C.    Board Practices

        During 2005, we continued a corporate governance enhancement initiative that began with Chairman Eugene Melnyk's announcement of Biovail's commitment to increase investor confidence in the Company in June 2004. This initiative was unanimously supported by the Board of Directors and has been embraced by management. The resulting changes to our governance practices and procedures supports our commitment to building and maintaining a proactive governance culture that seeks to continuously improve and incorporate the highest standards of ethical behavior throughout all aspects of our business.

Overview of the Company's Corporate Governance Practices

        We now have written corporate governance guidelines, a statement of expectations for directors and a director resource policy. Additionally, we have written charters for the Board of Directors and all committees of the Board of Directors, together with position descriptions for all chairmen of such committees, as well as written position descriptions for both our Executive Chairman of the Board and Chief Executive Officer. In order to maintain transparency for our stakeholders, all of the above documents are published on our Website at www.biovail.com (see Investor Relations/Corporate Governance). To give effect to these initiatives, we continue to implement and improve on our procedures for ensuring accountability and monitoring compliance.

        When it is filed, our information circular prepared in connection with our 2005 Annual General Meeting of Shareholders will set out more details about our governance practices.

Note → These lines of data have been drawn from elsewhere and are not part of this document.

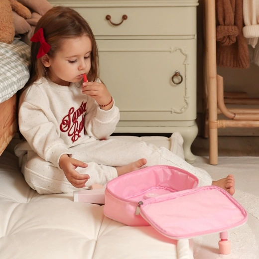 Het praktische toilettasje houdt alle accessoires bij elkaar. Kinderen nemen het gemakkelijk overal mee naartoe en hebben alles klaar voor het spel.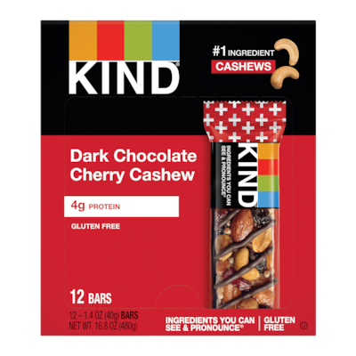KIND PLUS Gluten Free Dark Chocolate Cherry Cashew Nut Bar, 12 Bars/Box (PHW17250)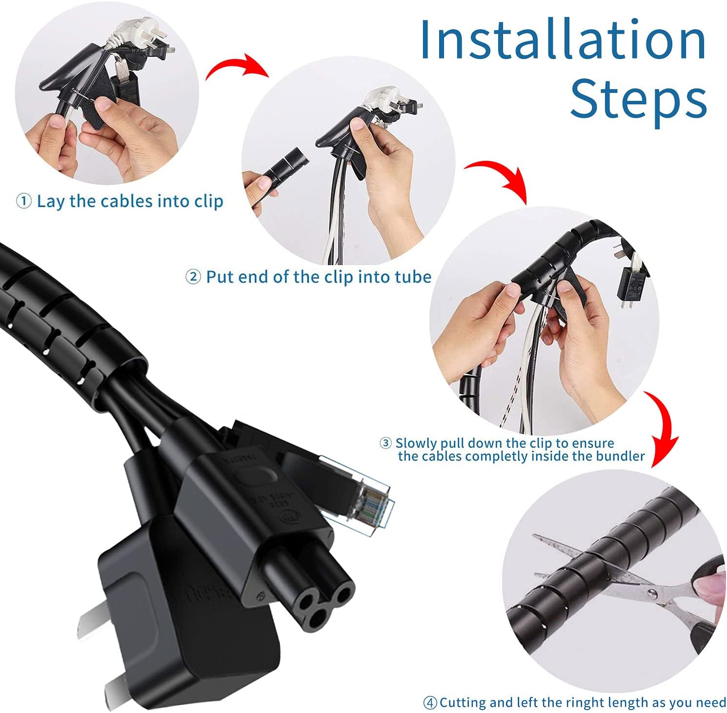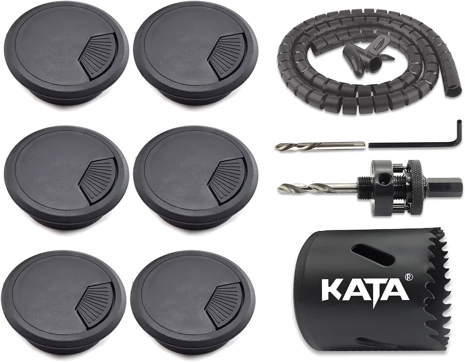 KATA 6-Pack Desk Grommet 2 Inch (50mm) Wire Cord Cable Desk Hole Cover with Bi-Metal Hole Saw Kit and Cord Wire Wrap Coiled Tube Sleeve Management, 2M Cable Sleeve Organizer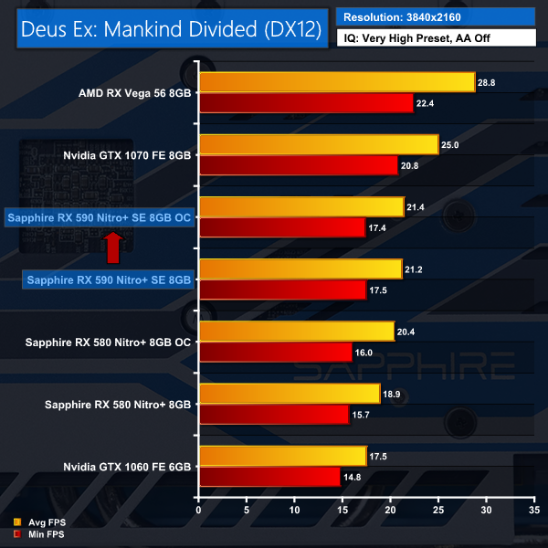 AMD states the reference memory bandwidth for the 8GB of GDDR5 is 256GB/sec. When you work back through the 256-bit controller you arrive at an effective reference memory speed of 8000MHz (2000MHz actual). Sapphire uses a memory speed of 8400MHz in the Nitro+ which is a five percent speed bump over stock so we expect the Sapphire Nitro+ RX 590 would show a modest gain over a reference design, if such a thing even exists.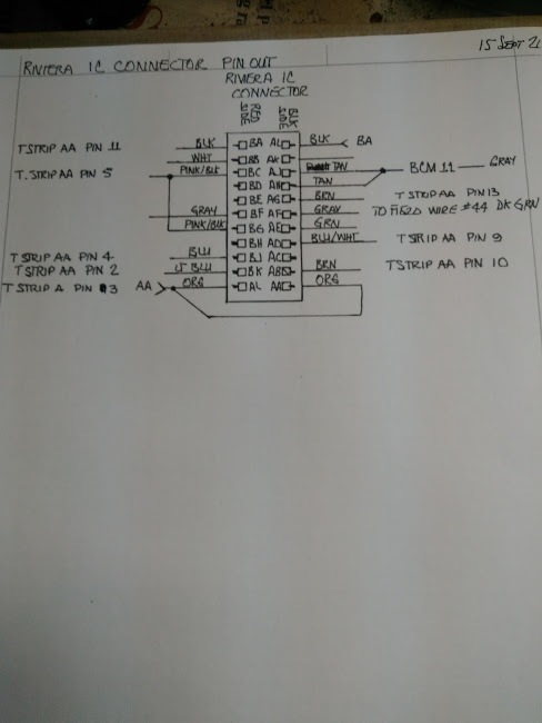 Here is a photo of my wiring road map for the Riviera digital IC connector: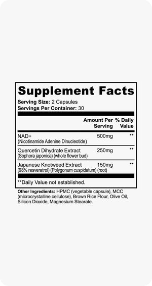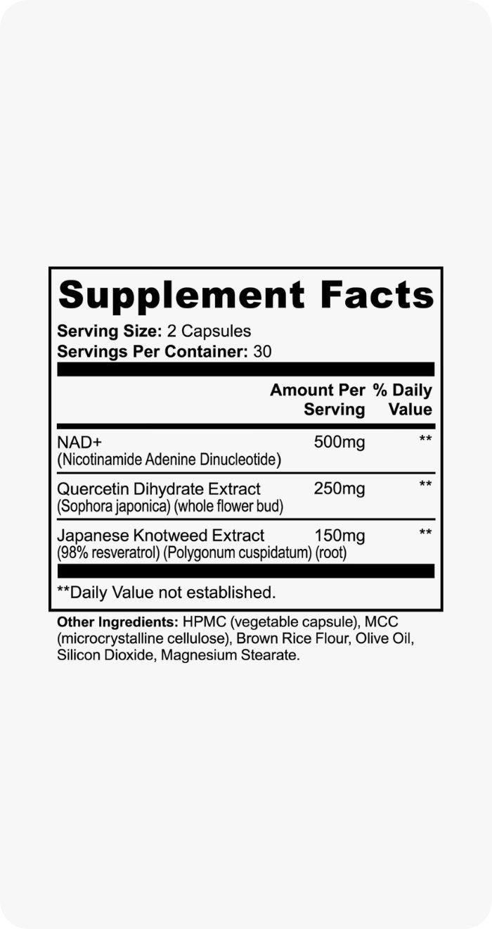 Ingredients: NAD+ (Nicotinamide Adenine Dinucleotide) (500 mg), Quercetin Dihydrate Extract (Sophora japonica) (whole flower bud) (250 mg), Japanese Knotweed Extract (98% Resveratrol) (Polygonum cuspidatum) (root) (150 mg), HPMC (vegetable capsule), Microcrystalline Cellulose (MCC), Brown Rice Flour, Olive Oil, Silicon Dioxide, Magnesium Stearate.

While as a foreign private issuer we are not required to comply with NYSE governance standards, Biovail's governance practices do comply with the requirements of the NYSE for U.S. domestic listed issuers, with the recommendations of the TSX in its Corporate Governance Policy and with the practices recommended by the Canadian Securities Administrators in National Policy 58-201.

Role of the Board of Directors

        The Board of Directors has adopted a written charter that sets out certain of its functions. In addition, by approving its charter, the Board of Directors explicitly assumed responsibility for the stewardship of Biovail and its business. This stewardship function includes responsibility for the matters set out in the charter, which form part of the Board of Director's statutory responsibility to manage or supervise the management of our business and affairs.

        The amount of time spent on each function in any year will vary, depending on the issues facing us. During 2005, the Board of Directors has spent significant time on strategic initiatives and on monitoring certain risks facing the Company.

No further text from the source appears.